Alarmiste, Issam Dardouri souhaite le prolongement du couvre-feu "s'il est motivé par des raisons sécuritaires": "Les Tunisiens comprennent la situation. Personne n'a envie de sortir le soir alors que le risque qu'il y ait des terroristes kamikazes coure toujours".

Vieux réflexes et risques de dérives liberticides

Pour autant, les risques de dérives sécuritaires existent toujours et les abus des forces de l'ordre restent souvent impunis.

Le jour de l'attentat, plusieurs journalistes ont été agressés par les forces de l'ordre, rapporte Reporter Sans Frontières dans un communiqué publié mercredi. "La lutte contre le terrorisme ne justifie pas les agressions contre les journalistes", a dénoncé l'ONG.

“Le nombre d’attaques contre les journalistes lors de la couverture de manifestations est en perpétuelle hausse en Tunisie, a déclaré Virginie Dangles rédactrice en chef de RSF. Mettre fin à l’impunité des agressions contre les professionnels des médias ne pourra se réaliser qu’à condition que la justice condamne les agresseurs à des peines exemplaires. Aujourd’hui les excuses du ministères de l’Intérieur ne suffisent plus”.

"On agite la peur sécuritaire à longueur de temps alors que la sécurité n'est qu'une seule dimension de la lutte contre le terrorisme. D'ailleurs si on a la volonté de combattre réellement ce fléau, la lutte devrait être globale, multidisciplinaire. On devrait s'atteler sur nos problèmes économiques, sociaux, culturels et religieux. Sans ça, ce n'est qu'un leurre", a déclaré Ali Zeddini, membre du conseil exécutif de la Ligue tunisienne des Droits de l'Homme (LTDH) au HuffPost Tunisie.

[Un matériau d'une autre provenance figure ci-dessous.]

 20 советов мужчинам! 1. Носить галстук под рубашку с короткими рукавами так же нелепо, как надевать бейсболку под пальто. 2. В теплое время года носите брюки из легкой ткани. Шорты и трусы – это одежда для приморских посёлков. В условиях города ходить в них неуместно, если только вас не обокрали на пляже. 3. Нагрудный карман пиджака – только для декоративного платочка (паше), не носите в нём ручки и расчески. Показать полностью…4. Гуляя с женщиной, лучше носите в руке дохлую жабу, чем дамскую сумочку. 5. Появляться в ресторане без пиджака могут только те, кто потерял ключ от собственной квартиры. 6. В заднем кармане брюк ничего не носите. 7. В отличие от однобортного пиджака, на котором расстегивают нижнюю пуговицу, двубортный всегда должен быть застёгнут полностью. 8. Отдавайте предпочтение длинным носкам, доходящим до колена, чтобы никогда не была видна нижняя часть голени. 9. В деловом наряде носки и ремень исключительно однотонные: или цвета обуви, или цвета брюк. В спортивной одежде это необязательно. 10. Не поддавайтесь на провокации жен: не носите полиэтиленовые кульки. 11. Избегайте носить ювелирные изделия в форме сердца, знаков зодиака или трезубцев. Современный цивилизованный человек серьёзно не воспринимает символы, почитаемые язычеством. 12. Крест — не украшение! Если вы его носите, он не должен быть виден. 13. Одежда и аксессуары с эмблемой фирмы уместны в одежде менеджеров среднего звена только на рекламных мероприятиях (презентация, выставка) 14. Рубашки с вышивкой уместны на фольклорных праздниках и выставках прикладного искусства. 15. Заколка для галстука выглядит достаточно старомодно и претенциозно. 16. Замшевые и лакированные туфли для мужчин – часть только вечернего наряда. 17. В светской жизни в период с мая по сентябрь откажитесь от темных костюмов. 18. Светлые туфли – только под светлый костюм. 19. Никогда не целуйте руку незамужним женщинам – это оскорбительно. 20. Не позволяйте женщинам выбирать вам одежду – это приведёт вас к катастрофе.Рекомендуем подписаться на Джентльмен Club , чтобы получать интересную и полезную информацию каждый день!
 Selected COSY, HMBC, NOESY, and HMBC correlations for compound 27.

Y a t-il des raisons concrètes d'avoir peur d'une dérive liberticide? "Oui, car les forces de sécurité ont tendance à adopter leurs vieux réflexes de la dictature notamment lorsqu'ils sont pris pour cible. Les réflexes du mépris pour les libertés. Ils ne sont pas encore imprégnés par la culture démocratique. Des formations en la matière seront utiles", a-t-il estimé.

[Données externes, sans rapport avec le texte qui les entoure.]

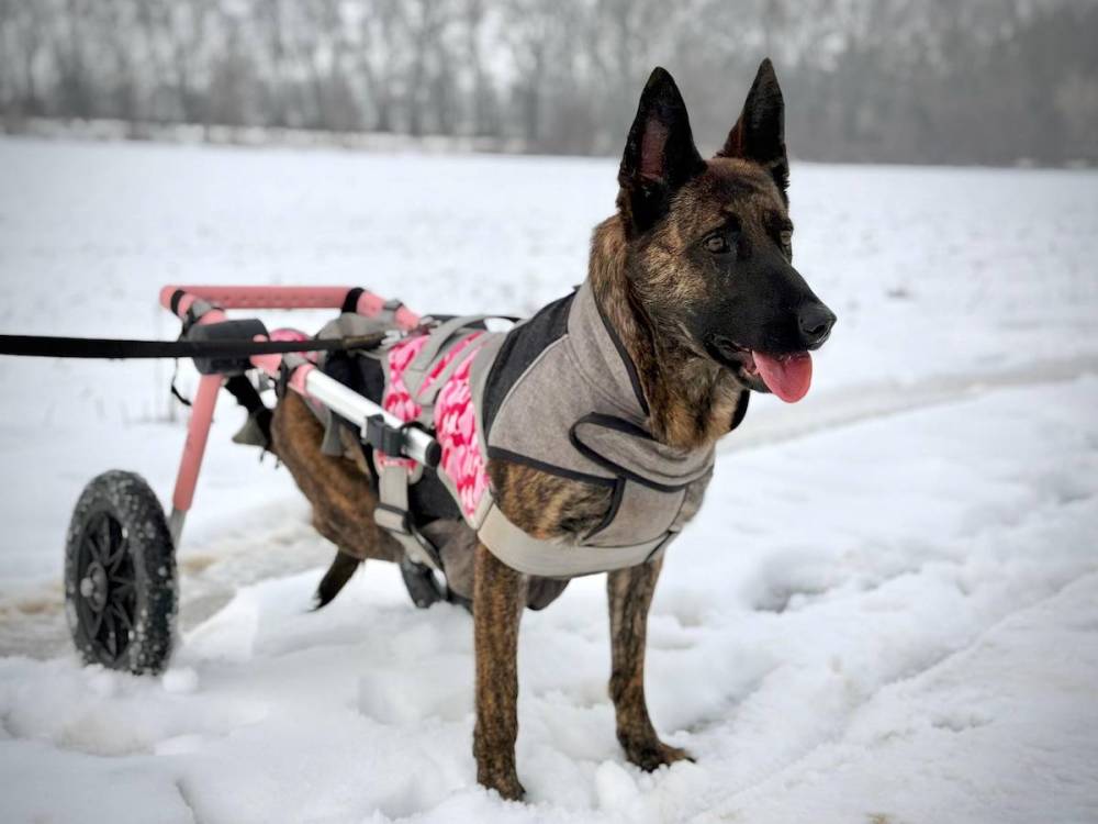 Aliz wurde allein und verletzt an einem Strassenrand gefunden. Sie trug nur ein altes, abgenutztes Halsband mit ihrem Namen darauf, aber niemand weiss, woher sie kommt oder was ihr genau passiert ist. Vermutlich wurde sie von einem Auto angefahren. Durch den Unfall ist ihr Rückenmark durchtrennt, weshalb sie nicht mehr laufen kann und gelähmt ist. Laut der Aussage des ungarischen Tierarztes kann Aliz auch nicht operiert werden, da dies keine Aussicht auf Besserung bringen würde. Trotz ihrer Lähmung hat Aliz keine Schmerzen und kann selbstständig Pipi und Stuhl absetzen. Aliz ist zwischen 4 und 5 Jahre alt (Stand 10/2025) und eine sehr liebevolle, aufgeschlossene und lebensfrohe Hündin. Sie sprüht vor Neugier und Lebensfreude, möchte die Welt entdecken, schnuppern, neue Eindrücke sammeln und einfach dabei sein. Ihre fröhliche Art steckt an und man merkt sofort, dass Aliz noch viel vor hat in ihrem Leben. Für unsere Rolli-Dame suchen wir ein ebenerdiges Zuhause ohne Treppen, idealerweise mit Garten, bei Menschen, die sie nicht auf ihre Lähmung reduzieren, sondern ihr grosses Herz sehen. Ein Zuhause, das ihr Sicherheit, Liebe, Zeit und Geborgenheit schenkt und das für immer. Aliz kommt mit ihrem Rollstuhl hervorragend zurecht. Für sie ist er kein Hindernis, sondern ein Schlüssel zu Freiheit und Abenteuer. Aliz zeigt, dass Glück keine vier funktionierende Beine braucht. Wer Aliz ein Zuhause schenkt, bekommt eine kleine Abenteurerin auf zwei Rädern, die jeden Tag zu etwas besonderen macht.

Le représentant de la LTDH affirme par ailleurs que le maintien du couvre-feu n'est ni nécessaire, ni souhaitable: "L'attentat a eu lieu alors que le niveau d'alerte sécuritaire était des plus élevés. La mort n'effraie pas les terroristes. Quelles mesures sécuritaires peuvent faire face à des personnes qui sont prêtes à se faire exploser au nom de la religion? Ce n'est surement pas une solution à terme", assure-t-il.